Metadata-Version: 2.1
Name: generic-dataset
Version: 1.2.2
Summary: Gibson dataset
Home-page: https://github.com/micheleantonazzi/generic-dataset
Author: Michele Antonazzi
Author-email: micheleantonazzi@gmail.com
License: MIT
Description: # Generic dataset manager
        ![](https://github.com/micheleantonazzi/generic-dataset/workflows/Build/badge.svg?branch=main)
        [![pypi](https://img.shields.io/pypi/v/generic-dataset.svg)](https://pypi.org/project/generic-dataset/)
        [![](https://sonarcloud.io/api/project_badges/measure?project=micheleantonazzi_generic-dataset&metric=coverage)](https://sonarcloud.io/dashboard/index/micheleantonazzi_generic-dataset)
        
        
        
        [![](https://sonarcloud.io/api/project_badges/measure?project=micheleantonazzi_generic-dataset&metric=alert_status)](https://sonarcloud.io/dashboard/index/micheleantonazzi_generic-dataset)
        [![](https://sonarcloud.io/api/project_badges/measure?project=micheleantonazzi_generic-dataset&metric=sqale_rating)](https://sonarcloud.io/dashboard/index/micheleantonazzi_generic-dataset)
        [![](https://sonarcloud.io/api/project_badges/measure?project=micheleantonazzi_generic-dataset&metric=reliability_rating)](https://sonarcloud.io/dashboard/index/micheleantonazzi_generic-dataset)
        [![](https://sonarcloud.io/api/project_badges/measure?project=micheleantonazzi_generic-dataset&metric=security_rating)](https://sonarcloud.io/dashboard/index/micheleantonazzi_generic-dataset)

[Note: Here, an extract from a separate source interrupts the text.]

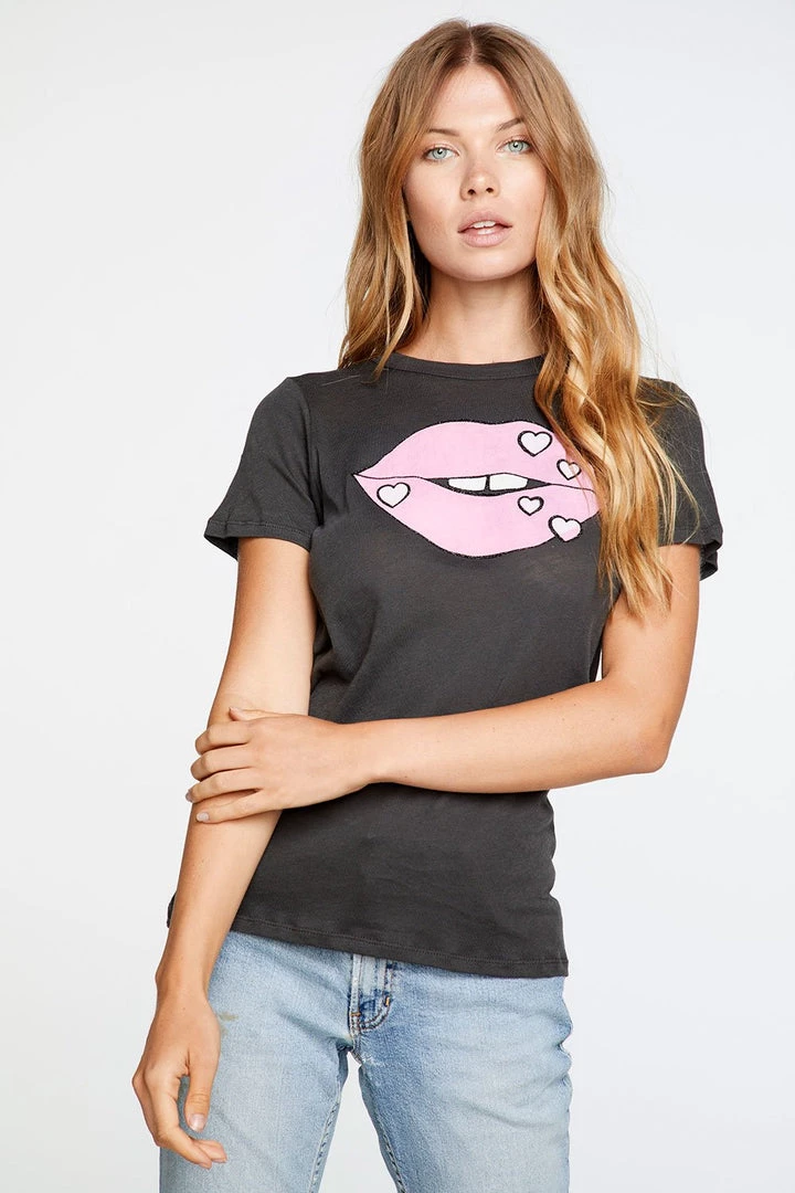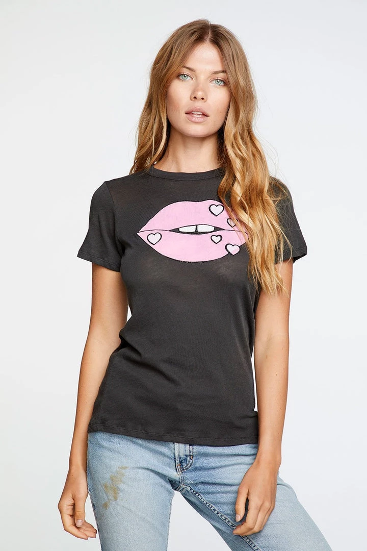 Our cult-favorite lip print tee just got a mini makeover. A.k.a we added little heart print details for a sweet surprise.

        [![](https://sonarcloud.io/api/project_badges/measure?project=micheleantonazzi_generic-dataset&metric=vulnerabilities)](https://sonarcloud.io/dashboard/index/micheleantonazzi_generic-dataset)
        
        This is a **configurable framework** that generates automatically the code and the necessary classes to manage a dataset of any kind. This is possible using the **metaprogramming paradigm**. The programmer can create his own dataset manager according to his needs. In addition, it also offers useful utility to manipulate *numpy arrays*. This utility builds a pipeline (a series of operations to modify an array) which can also be easily run on **GPU** without modifying the code. For this reason, this library is particularly suitable for **image datasets** or for those datasets that massively use numpy arrays. Since that the code generated at run-time suffers from the lack of type hints and auto-completion features, stub files can be automatically created using the [stub-generator package](https://github.com/micheleantonazzi/python-stub-runtime-generator).
        
        ## Installation
        
        'generic-dataset' can be easily installed using pip:
        
        ```bash
        pip install generic-dataset
        ```
        
        Otherwise, you can clone this repository in your machine and then install it:
        
        ```bash
        git clone https://github.com/micheleantonazzi/generic-dataset
        cd generic-dataset/
        pip install -e .
        ```
        
         ### GPU support
        
        This library can accelerate the operations performed over numpy array using *Nvidia GPU*. This is possible using [CuPy](https://cupy.dev/) framework, which offers an interface highly compatible than NumPy, but all its functionalities are executed on GPU.
        
        **NB:** you can use this library even without a GPU: if you try to use it, an exception is raised.
        
        To enable the GPU support, please install and configure CUDA Toolkit before installing this package: this will automatically install CuPy during the installation of *generic-dataset*. Otherwise, you can configure the CUDA environment at a later time and then install CuPy using its [installation guide](https://docs.cupy.dev/en/stable/install.html#installing-cupy).
        
        ## Library structure
        This library is composed by three main entities: 
        
        * **SampleGenerator:** it is a configurable class that generates **sample classes** according to the programmers' needs. This means that the *sample class* is not apriori defined, but it is composed by *SampleGenerator* using the *metaprogramming paradigm*. The generated *sample classes* can model a *classification* or a *regression problem*, so the sample label could be an integer, which belongs to a discrete set, or a real number.  In addition to the label, a sample is characterized by fields (containing the sample data) and the operations to manipulate them.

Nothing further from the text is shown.